(Extracted data entries)
::::::::
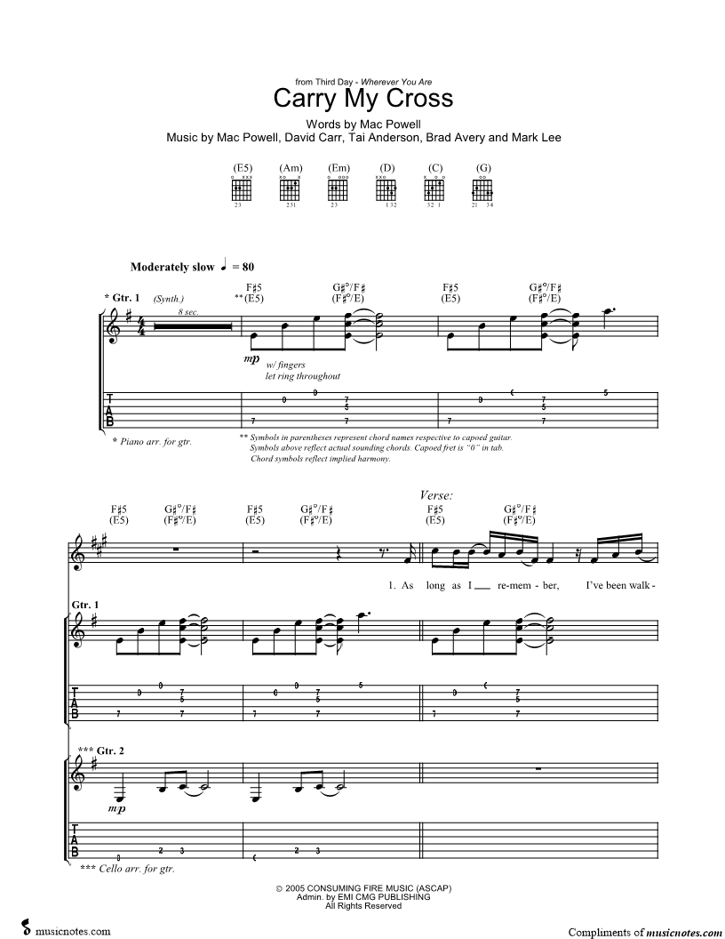 Voice, range: C#4-F#5 Guitar 1, range: E3-A6 Guitar 2, range: E3-C6 Guitar 3, range: E3-B5 Guitar 4 Guitar 5 Guitar 6 Guitar 7 Guitar 8 Guitar 9 Guitar 10 Backup Vocals, range: D4-F#5 Strum | |
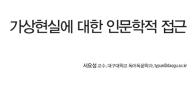 - 인식 가상현실(Virtual Reality, VR)은 우리를 또 다른 세계로 안내하는 최첨단 기기나 소프트웨어만을 비유하지 않는다. 물론 가상현실은 1968년 서덜랜드(I. Sutherland)가 사이버 헬멧을 쓰면서 등장했기에, 과학기술의 발전은 필연적인 조건이라고 할 수 있다. 하지만...
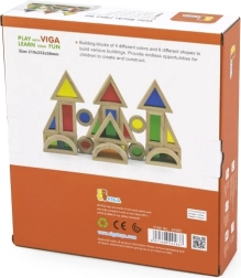 Комплектът от 24 дървени цветни блокчета Viga е предназначен за деца от 18 месеца. Този образователен и забавен продукт подпомага креативността и развитието на фината моторика при малките деца, като същевременно е безопасен за тях.
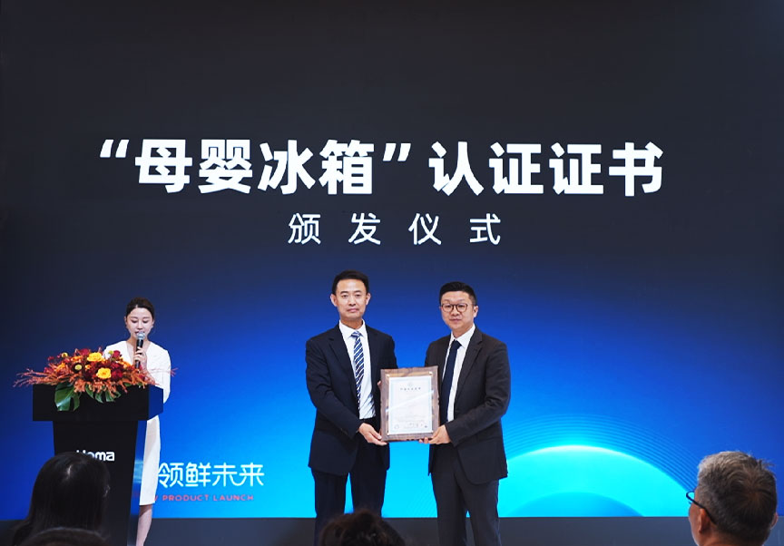在本次发布会中,我们共同见证了中国家用电器研究院副院长曲宗峰向奥马冰箱颁发由中家院认证中心授予的“母婴家电认证“。此项认证标志着奥马母婴冰箱在质量、安全、储鲜性能等方面均达到业内严苛标准,产品品质与智能创新均走在行业前沿,是真正贴合母婴家庭核心需求的优质产品。
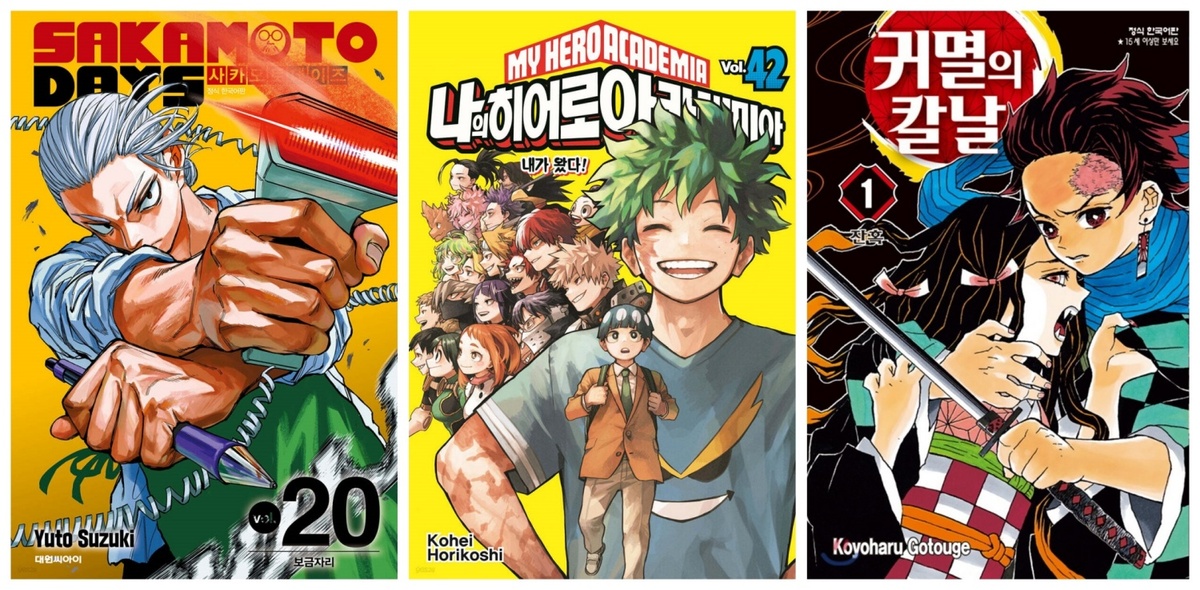 OTT 공개 후 인기 만화 '사카모토 데이즈', '나의 히어로 아카데미아', '귀멸의 칼날'(왼쪽부터). |
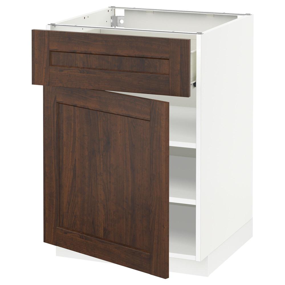 МЕТОД / ФОРВАРА Напольный шкаф с ящиком/дверью - белый, Эдсерум под дерево коричневый, 60x60 см
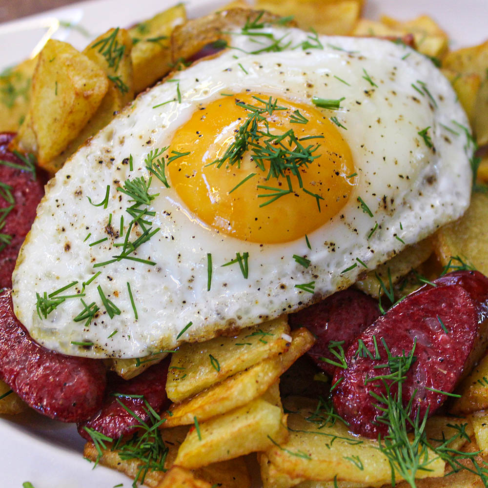 Состав: картофель жареный, колбаски охотничьи, специи, лук, яйцо глазунья.
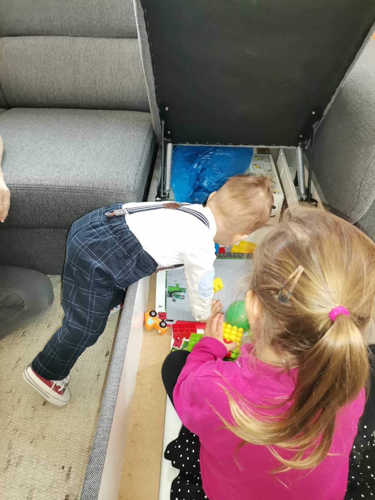 Alex má 2 a pol roka a často sa bojim že budeme musieť ísť na pohotovost😄 bežne poprosí staršieho brata aby na schodíky od poschodovej postele pripevnil matrac, lezie po topení na okno a odtiaľ na hornú posteľ aby sa mohol šmýkať🤪takto sa dokáže zabávať aj hodinu. Bežne skáče po posteliach alebo si dá periny na zem a skáče tam a zábava sa.
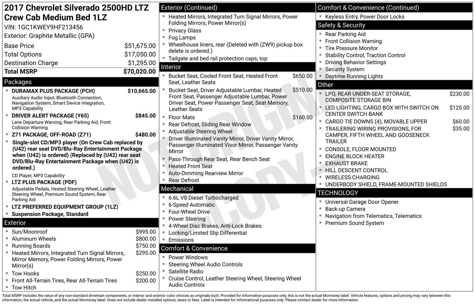 6-Inch Lift Kit 4WD 2500 LTZ Z71 Diesel, Only 26,425 Miles, Fuel Custom Wheels w/ New Tires, Immaculate Condition, New Car Trade-In, One-Owner, Clean Carfax, Non-Smoker. Clean CARFAX. Chrome Trailering Mirrors W/ Power Glass, Power Fold/Man Ext, Heat, Turn Signal, Led Rr Guidance Lamps, Led Amber Lights, And Memory-Equipped Upper Glass, Seats, Front Full Feature Leather Appointed Buckets & Center Console, USB Ports, And Wireless Charging, Audio System, 8 Diagonal Color Touch W/ Navigation & Mylink, Power Adjustable Pedals, Hill Descent Control, Trailer Brake Controller, Engine Block Heater, Cruise Control, Engine Exhaust Brake, High-Capacity Air CleanerK4c - Wireless Charging, Engine Oil Cooling System, Alternator, 150 Amps, HD Aux Trans. Cooling System, Heated & Vented Seats Driver & Front Passenger, Refrigerant Air. Duramax Plus Package; Power Adjustable Pedals, Front and Rear Park Assist, Bose Audio System, Audio System, 8 Diagonal Color Touch W/ Navigation & Mylink Engine Exhaust Brake. LTZ Plus Package: Power Adjustable Pedals Bose Audio System Front and Rear Park Assist Heated Steering Wheel, LTZ Plus Package EZ Lift and Lower Tailgate. Z71 Off-Road Package: Twin Tube Rancho Shocks, Underbody Shields, Hill Descent Control, Door Sill Plates, Unique Z71 Grille Z71 Emblems. Graphite Metallic 2017 Chevrolet Silverado 2500HD LTZ 4WD Allison 1000 6-Speed Automatic Duramax 6.6L V8 Turbodiesel. Jet Black Leather.
::::::::
_TASK OBJECTIVE_
Reproduce the records above from their first line to the line bearing "Alex má 2 a", both ends included, leaving every picture out.

_TASK SOLUTION_
 Voice, range: C#4-F#5 Guitar 1, range: E3-A6 Guitar 2, range: E3-C6 Guitar 3, range: E3-B5 Guitar 4 Guitar 5 Guitar 6 Guitar 7 Guitar 8 Guitar 9 Guitar 10 Backup Vocals, range: D4-F#5 Strum | |
 - 인식 가상현실(Virtual Reality, VR)은 우리를 또 다른 세계로 안내하는 최첨단 기기나 소프트웨어만을 비유하지 않는다. 물론 가상현실은 1968년 서덜랜드(I. Sutherland)가 사이버 헬멧을 쓰면서 등장했기에, 과학기술의 발전은 필연적인 조건이라고 할 수 있다. 하지만...
 Комплектът от 24 дървени цветни блокчета Viga е предназначен за деца от 18 месеца. Този образователен и забавен продукт подпомага креативността и развитието на фината моторика при малките деца, като същевременно е безопасен за тях.
在本次发布会中,我们共同见证了中国家用电器研究院副院长曲宗峰向奥马冰箱颁发由中家院认证中心授予的“母婴家电认证“。此项认证标志着奥马母婴冰箱在质量、安全、储鲜性能等方面均达到业内严苛标准,产品品质与智能创新均走在行业前沿,是真正贴合母婴家庭核心需求的优质产品。
 OTT 공개 후 인기 만화 '사카모토 데이즈', '나의 히어로 아카데미아', '귀멸의 칼날'(왼쪽부터). |
 МЕТОД / ФОРВАРА Напольный шкаф с ящиком/дверью - белый, Эдсерум под дерево коричневый, 60x60 см
 Состав: картофель жареный, колбаски охотничьи, специи, лук, яйцо глазунья.
 Alex má 2 a pol roka a často sa bojim že budeme musieť ísť na pohotovost😄 bežne poprosí staršieho brata aby na schodíky od poschodovej postele pripevnil matrac, lezie po topení na okno a odtiaľ na hornú posteľ aby sa mohol šmýkať🤪takto sa dokáže zabávať aj hodinu. Bežne skáče po posteliach alebo si dá periny na zem a skáče tam a zábava sa.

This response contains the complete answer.